Required work:
Begin with the line below holding "Red T Rex Dinosaur Helium Balloons in a Box" and go on through the line holding "Я тоже пару", duplicating each line exactly and leaving out pictures.

Data shown:
────────────────────

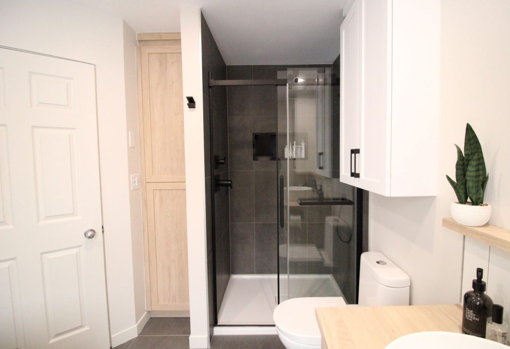 Cette petite salle de bain a subi une transformation radicale, permettant désormais l’installation d’une douche en céramique pour mieux répondre aux besoins de la famille. Une rénovation réussie avec des carreaux de céramique 24×24 au sol et dans la douche, apportant une touche moderne et épuré, tandis que le dosseret protège élégamment le mur de gypse, alliant fonctionnalité et design.
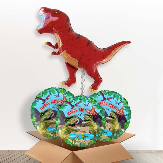 Red T Rex Dinosaur Helium Balloons in a Box
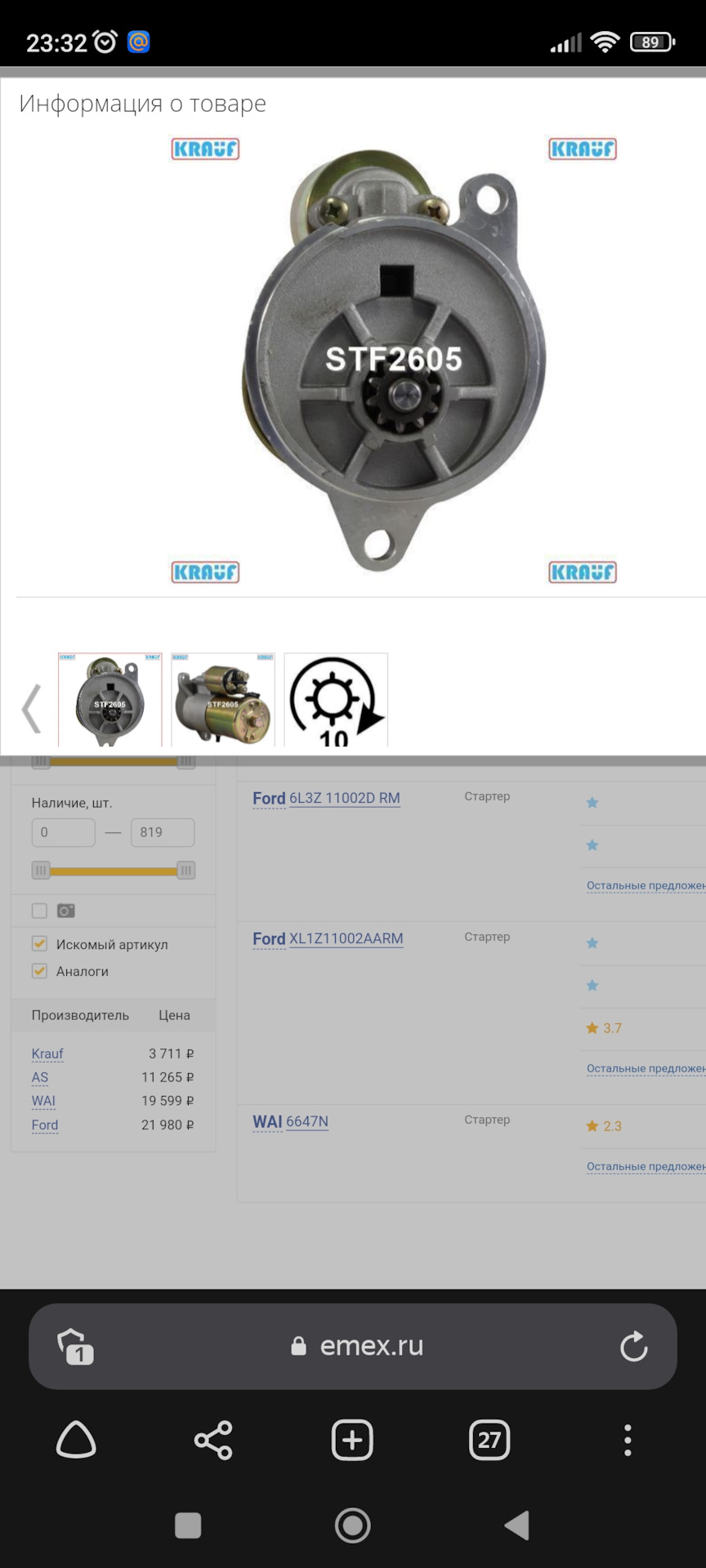 Я тоже пару дней назад стартер поменял, разобрал, а он внутри как новый, поменял только втягивающее. Второй стартер хотел перебрать, но обнаружил, что новый стартер стоит 3600р и отказался от затеи с переборкой)
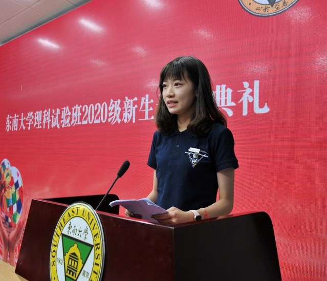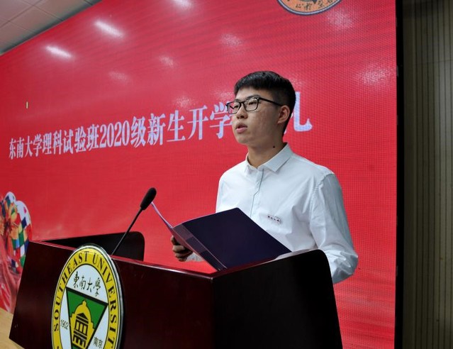 理科试验班2020级1班的郭盈江同学作为新生代表发言。郭盈江同学分享了自己与东大的相知、相识与相见,讲述了自己与理科的结缘,表达了作为东大学子的责任与担当,同时也给自己提出要求与目标,要在“乐学”、“勉学”、“博学”中砥砺前行、追逐目标,并希望与在场的各位同学共勉。

────────────────────

Solution to this exercise:
 Red T Rex Dinosaur Helium Balloons in a Box
 Я тоже пару дней назад стартер поменял, разобрал, а он внутри как новый, поменял только втягивающее. Второй стартер хотел перебрать, но обнаружил, что новый стартер стоит 3600р и отказался от затеи с переборкой)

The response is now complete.